And that's true, if you were in Hackney with Shystie, Scratchy or Lethal Bizzle for potential neighbours. But for a spotty teenager living in Suffolk, the small commuter town of Ipswich came closest, with its bang-average footie team, an identikit high street and regular trains to London, Norwich and Cambridge. It was more a conduit if anything, a stop off on the way to somewhere else.

That's where Hectic Squad came in. The grime five-piece, known individually as DO, Mousy, Mist, Guv and Gambler, were absolutely massive on Channel U. Their breakout single "What Do You Know Bout Ips", seemed like one of the channel's most popular tracks, and for someone like me who only knew Ipswich in vague terms of proximity, it suddenly gave the place a bit of musical credence in my eyes.

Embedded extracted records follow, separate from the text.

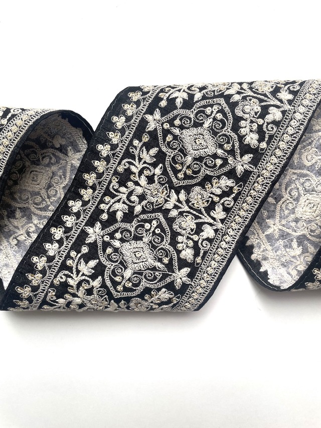 ◆50cmカット済◆インド花柄刺繍リボン・ブラック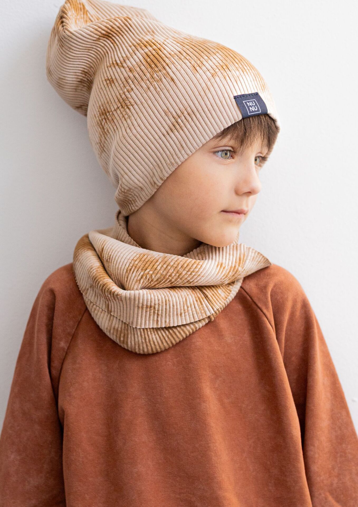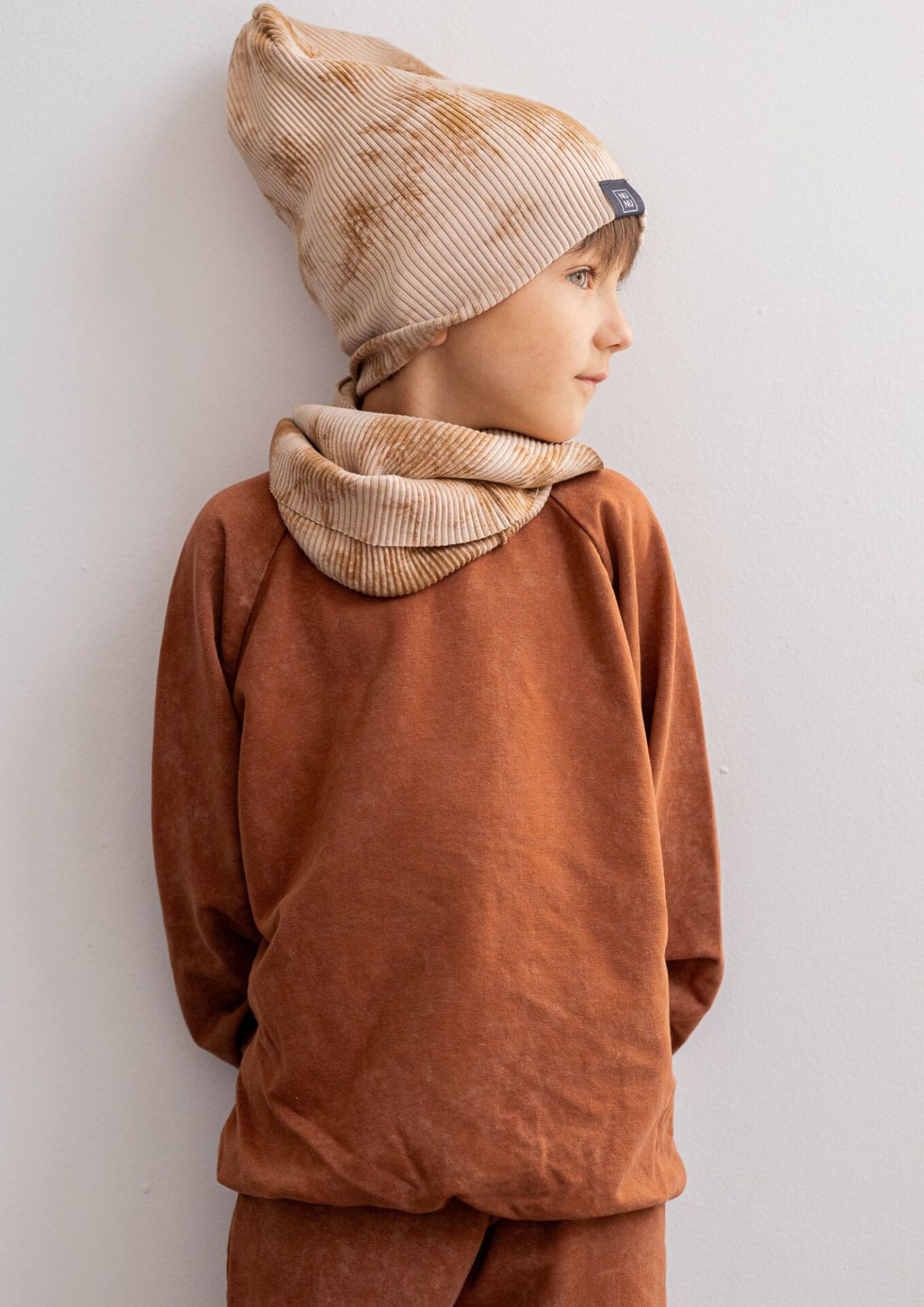 Napisz pierwszą opinię o „Czapka z kominem dziecięca prążek TIE DYE beige”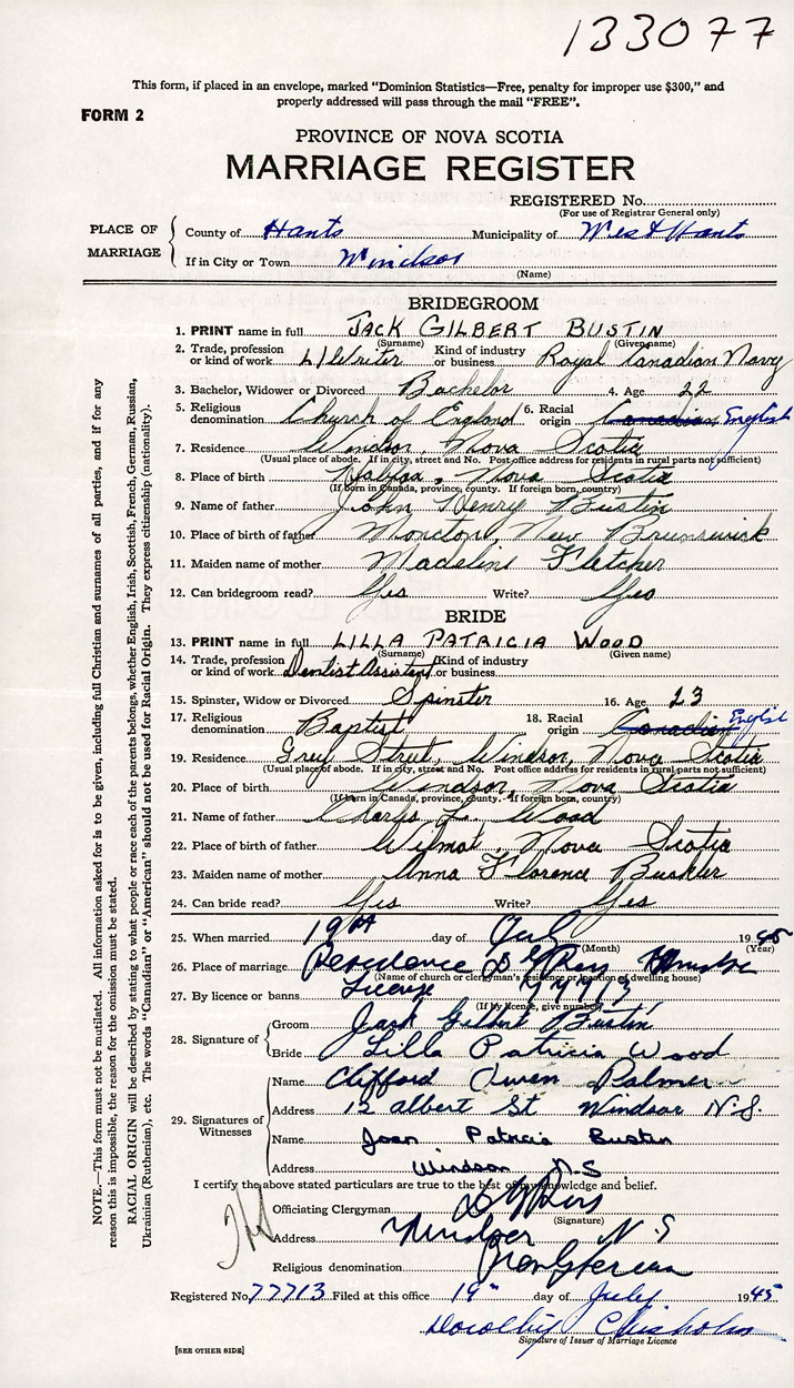 PLACE OF MARRIAGE County of Hants in City or Town Windsor

A Hectic Squad Radio Suffolk Music in the Park performance. Photo by Ernest "E Money" Forson, courtesy of Gambler Productions

But that was back in 2004, when Hectic Squad were riding Channel U's wave. A lot has changed since: Channel U is now called Channel AKA, YouTube channels like SBTV and Grime Daily have established themselves and Hectic Squad are nowhere to be seen. Not until you dig around in the vast, eternal pit of the internet, that is. Because after much tweeting, DM-sliding, emailing and then Whatsapping, I finally managed to pin down Gambler, the former producer and manager of Hectic Squad. He was happy to talk to me and introduce me to one of the other main MCs, DO.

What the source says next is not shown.